Apple's next phone is said to shed the old 30-pin iPod connector in favor of a newer, smaller port. The Apple-obsessed Internet is officially scandalized by the not-yet-official decision. Here's what that tells us about Apple.


It's still a rumor, but from the gathering number of independent leaks—including what may be an officially sanctioned leak to the Wall Street Journal—Apple's next iPhone will feature a redesigned case that has the headphone port on the bottom alongside a new type of smaller connector port for data and charging.

A new connector! The audacity! Some parts of the (Internet) population would have you believe it's yet another money-grabbing push by a company that already "overcharges" for its products. This suggests a few things about the public: They expect extraordinary things from Apple; they're quick to ignore the stats; and some are keen to find any way to knock a hugely successful firm (one that Samsung, at least in terms of the dock cable, really did copy).

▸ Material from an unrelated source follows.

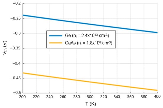 On the other hand, Figure 7 shows the variation in  with temperature for conventional semiconductors such as Ge (Eg = 0.66 eV) and GaAs (Eg = 1.43 eV). When compared with Si (Eg = 1.12 eV and  = 1.5 × 1010 cm−3), the Ge’s behavior is linked to the lower bandgap and the higher intrinsic carrier concentration, which reduce the built-in potential, thus resulting in a less negative . In fact, at T = 300 K, Ge has a higher  (2.4 × 1013 cm−3) than Si, which makes it intrinsically more conductive, leading to undesired leakage currents. Also, by considering the relative permittivity of materials (i.e., 11.7 for Si and 16 for Ge), we must also consider that the higher relative permittivity affects the gate capacitance of the nanowire as well. Similarly, the GaAs’s behavior is mainly determined by a relative permittivity of 12.9, although it presents an extremely low = 1.8 × 106 cm−3, which assures poor thermal generation of carriers.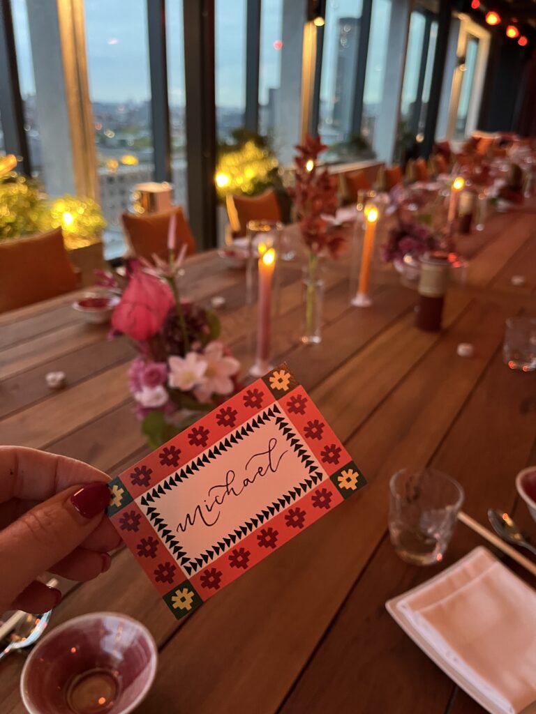 Last night I had the pleasure of being the on-site calligrapher for a Selfridges VIP event, hosted in the stunning private dining room at Chotto Matte Manchester. With floor-to-ceiling windows and incredible views across the city, it was the perfect backdrop — especially as the skyline came to life after dark.

It also tells us a couple of things about Apple. First the company was amazingly clever to choose the 30-pin connector in the first place and to stick with it for so long. Second it shows the company is willing to learn from its own past, and also to side-step meaningless criticism so it can push its own products on innovatively (with the innovation being that, possibly, the new connector may include MagSafe tricks so its even easier to hook up to charger cables and accessories).

To understand all of this, think way back to April 28, 2003, when Apple introduced the third version of the iPod. It had a then-huge storage capacity of 40GB, an all-touch interface and a slimmer case. It also had a new dock connector that, for the first time, allowed the iPod to sync over USB as well as the FireWire system Apple had been exclusively using before. The 30-pin connector was small, easy to hook up and had plenty of room for future expansion of iPod capabilities because, after all, the data and power concerns of FireWire and USB only took up about a third of the 30-pin total. 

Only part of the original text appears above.